• Ultra vires: literally means beyond the powers.
• This is a rule of capacity respecting registered companies.
• This rule means that a company‟s contractual capacity is restricted to transactions set forth in the objects clause of the memorandum and those that are reasonably incidental to the attainment or pursuit of such objects.
• A transaction is deemed ultra vires if it is beyond the capacity of a company.
• Such a transaction is null and void and unenforceable.
• This doctrine was explained in Ashbury Railway Carriage and Iron Co. V. Riche (1875) and Attorney General V. Great Eastern Railway Co. (1880).
• Since this doctrine restricts the company‟s capacity to contract it is arguably a nuisance to the company. In addition this doctrine may be pleaded by either the company or the third party. Bell houses Ltd V. City wall properties Ltd (1966).
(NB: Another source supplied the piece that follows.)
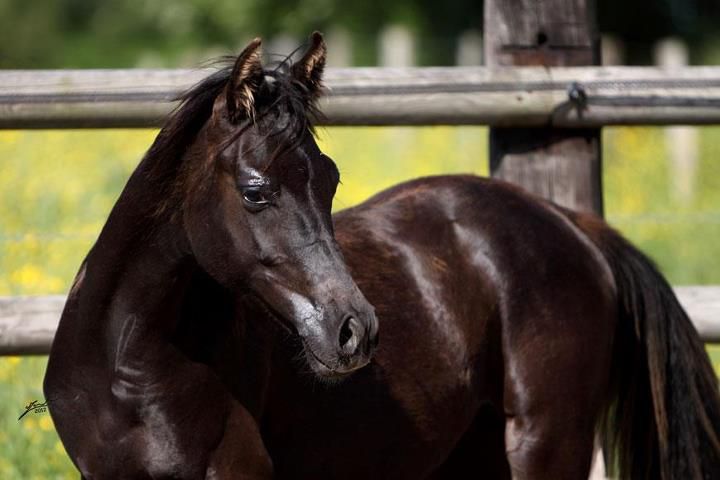 | Dire merci | Je vous présente BAHIR, un superbe poulain arabe noir né à Sinoan Arabians cette année.![]() C'est un petit fils de Ruminaja Fayez: ![]() |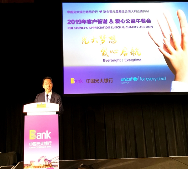 中國光大銀行悉尼分行行長于洪德在拍賣會開始前致辭說,光大銀行衷心感謝廣大客戶和合作伙伴對其業(yè)務(wù)發(fā)展的支持,希望通過慈善拍賣為澳大利亞兒童健康成長盡一份力、作更多貢獻。

• It is a trap to unwary third parties in that a 3rdparty who is unaware of the company‟s capacity cannot enforce a transaction which is ultra vires the company.
• However, such a party may where circumstances permit sue the company for tracing or enforce subrogative rights.
• The party may also have a personal action against the directors of the company.
• However, this doctrine has been watered down and companies enjoy almost unrestricted capacity and the probability of a transaction being ultra vires the company is tremendously reduced for example:
o Inflating the objects clause.
o Use of subjective clauses.
o Use of independent objects clauses.
o Companies have capacity to alter the objects clause.
o Willingness of courts to imply powers where non is expressly provided for.
In my view, the doctrine is no longer a nuisance to the company.